Он не знал, что хотелось ему выразить этим словом, оно звучало непривычно, заемно и вместе с тем показалось полным глубокого значения.
— Достигнем… — повторил Игорь со все возрастающим счастливым волнением и тотчас же услышал со стороны рощи характерный однообразный гул.
Он так пришелся кстати, что ничуть не удивил Игоря.
— Началось! — вскрикнул он. — Артиллерия! Пошла! Наконец-то!
Игорь выкрикивал эти слова уже на бегу. С шибко бьющимся сердцем он взял подъем, задохнулся, но не убавил ходу. «Однако завтра только двадцать второе мая, — проносилась где-то стороной несвязная догадка, — а мне приказано к началу операции… а немцы веселятся… знать не знают… как все это здорово!.. Поспею или нет?»
Он добежал до рощи, когда уже последнее орудие выезжало с другого ее конца на дорогу. Между деревьями мелькали огоньки карманных фонарей, слышны были приглушенные голоса. Чей-то конь заржал, кто-то прикрикнул: «Ты в поводу веди! в поводу-у!..»
Вся роща, казалось, полна была шепотливым тревожным шорохом и шелестом, земля все еще отвечала дрожью и гулом на удаляющийся медленный и упрямый грохот колес.
Несколько фонариков скрестили свои лучи у ствола старого дуба, раздался неторопливый голос:
— Ну, господа офицеры, поздравляю. Ровно через пять часов начинаем. Проверьте ваши часы по моим. Сейчас ровно двадцать три часа. Напоминать вам вашу задачу не буду… Ну, с Богом… и в добрый час!

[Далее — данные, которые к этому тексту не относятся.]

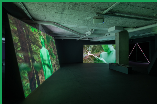
Vue de l'exposition Ben Russell, La montagne invisible , frac île-de-france, le plateau, 2020. Photo Martin Argyroglo © Ben Russell

La fabrication de ce jouet optique s'inspire de l'exposition La montagne invisible , présentée au plateau de janvier à juillet 2020 par l'artiste et cinéaste américain Ben Russell. S'inspirant du récit d'exploration fantastique Le Mont Analogue , de René Daumal, La montagne invisible retrace le voyage de Ben et de son ami Tuomo de la Finlande à la Grèce. Via des multiples projections audiovisuelles, des surfaces de couleur vibrante, des signes graphiques en miroir et des effets d'illusion, cette exposition nous invite à explorer la frontière entre réalité et perception.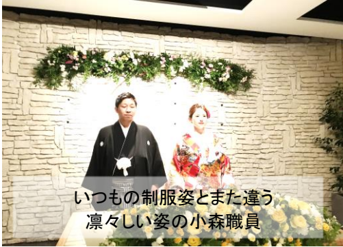
いつもの制服姿とまた違う凛々しい姿の小森職員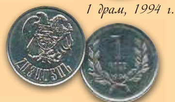
1 драм, 1994 г.

Все монеты 1990-х гг. выполнены в похожем дизайне. На аверсах герб Республики Армения и название страны на армянском языке. На реверсах указаны номинал и дата выпуска.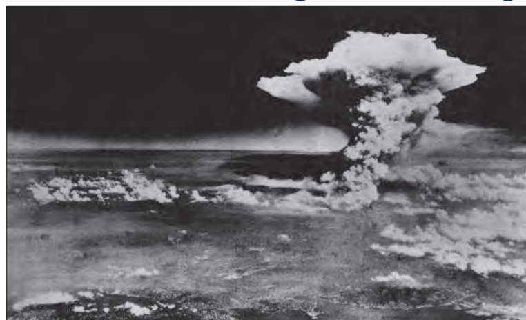
Na archívnej snímke zo 6. augusta 1945 poskytnutej americkou armádou pohľad na hrbovitý oblak, ktorý stúpa k oblohe asi hodinu po výbuchu atómovej bomby v japonskej Hirošime.

Už v priebehu druhej svetovej vojny sa podarilo v USA realizovať nákladný, tzv. manhattanský projekt, ktorého cieľom bolo zostrojiť atómovú bombu. Prvý pokus s ató-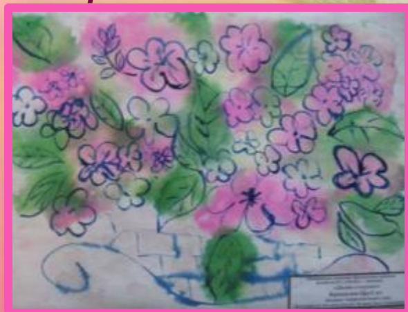
Отпечаток мокрой гофрированной бумагой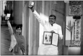
नोबेल पारितोषिक स्वीकारण्यानंतर मलाला व भारताचे कॅलाश सन्मार्थी

आज अर्ध्या जगात जलद प्रगती, आधुनिकीकरण दिसते. त्याचबरोबर अशी अनेक देश आहेत जेथे उपासमार, गरिबी, अन्याय आणि संघर्षांच्या जीवनां होरपळून जात आहेत.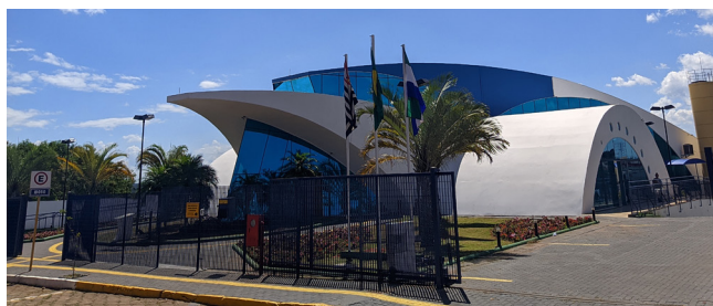
Área externa com pintura revitalizada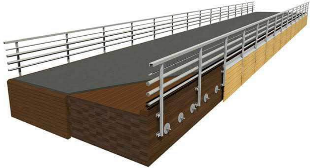
KUVA 4 Versowoodin tyyppihyväksytty ajoneuvoliikenteen poikittaiskiristetty laattasilta (Versowood Oy n.d.)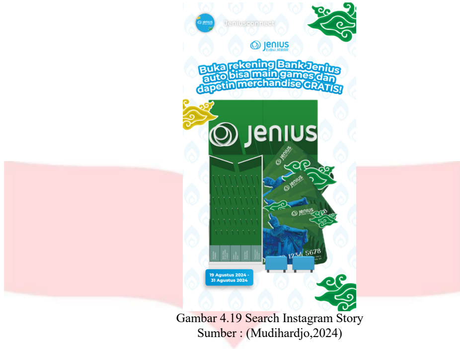
Gambar 4.19 Search Instagram Story

Selain membuat poster digital untuk Instagram feeds , penulis juga merancang poster digital untuk Instagram story yang berisi informasi seputar manfaat ketika target audience membuka rekening atau membuat kartu debit Bank Jenius.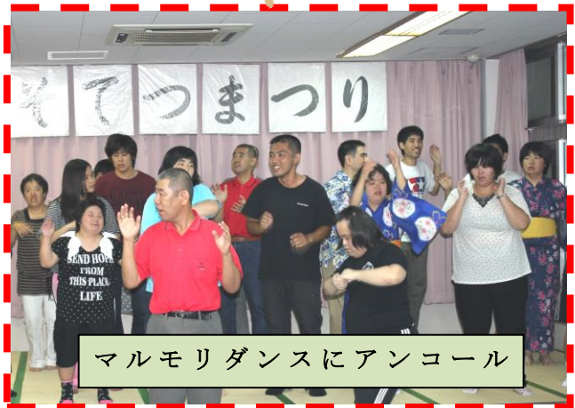
マルモリダンスにアンコール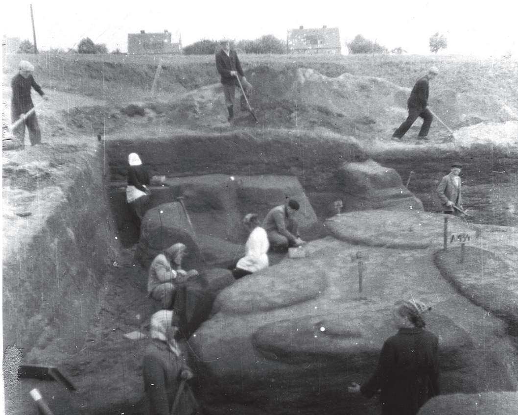
Ryc. 4. Wolin-Młynówka, 1956 r.

Fig. 4. Wolin-Młynówka, 1956.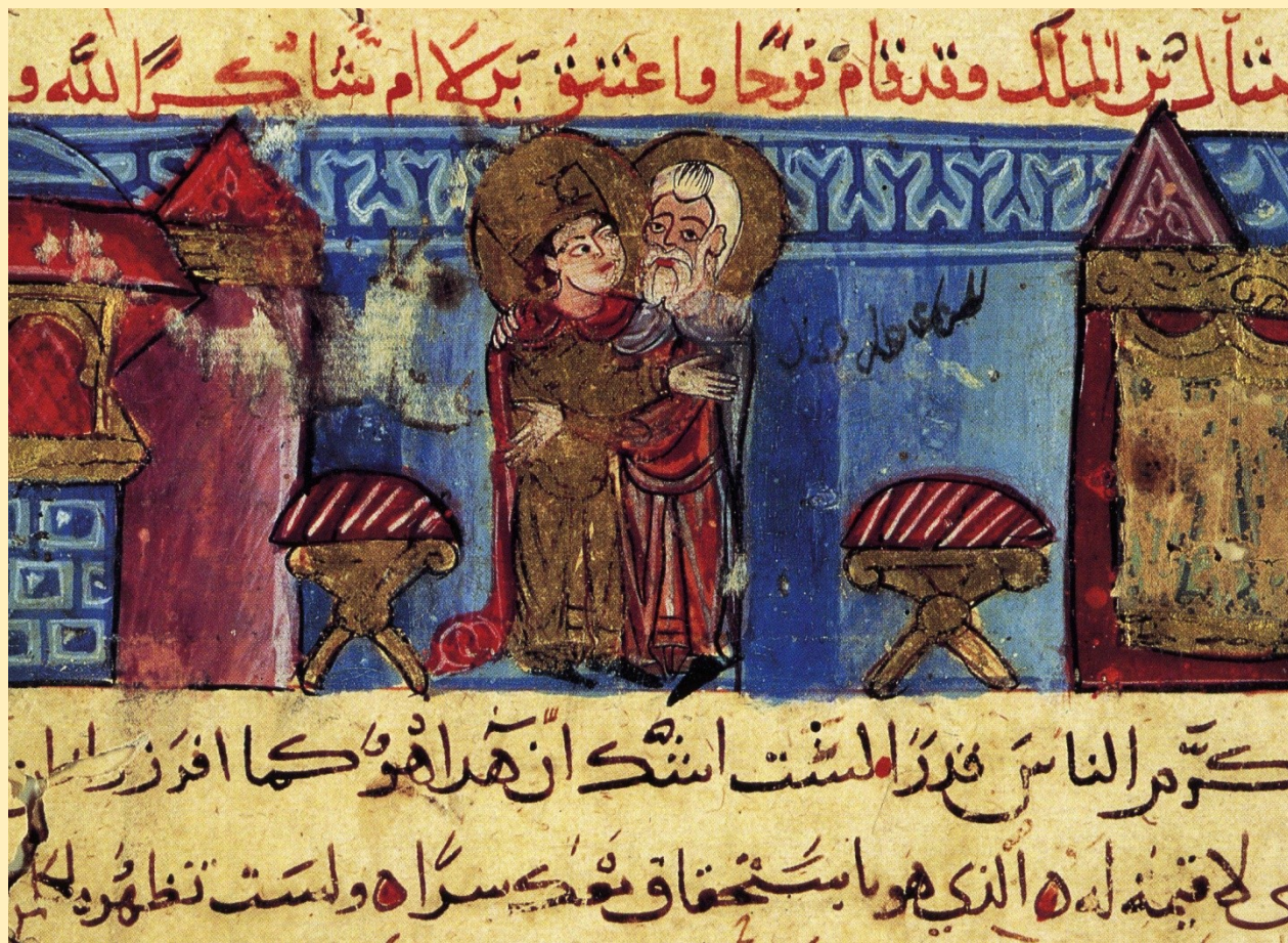
Liban Manuscrit XIIIème Notre-Dame de Balamand

Фонарик осветил круп лошади, лизнул седло, потом холку. Бледная под электрическим лучом, с тонкими пальцами рука ухватилась за повод.
— Анатолий Павлович! — задохнувшись, вскрикнул Игорь. — Позвольте мне с вами…
На наблюдательном пункте все сидели в напряженных позах. Хотелось двигаться, действовать, но выпрямиться было нельзя, тотчас же сосновые ветки били по лицу. Телефонисты не снимали наушников. Крутовской при свете электрического фонарика сверял карту, тысячу раз проверенную. Игорь вглядывался в редеющую тьму, пытаясь разглядеть офицерские блиндажи австрийцев, до которых, казалось, рукой подать. Наблюдательный пункт был в окопе сторожевого охранения. Шел второй час ночи, но австрийские офицеры все еще не унимались. Совершенно явственно долетали отдельные вскрики. Пили за эрцгерцога, за дам, за победу, за славу австрийского и германского оружия. Кто-то даже подымался над бруствером и кричал в сторону русских окопов.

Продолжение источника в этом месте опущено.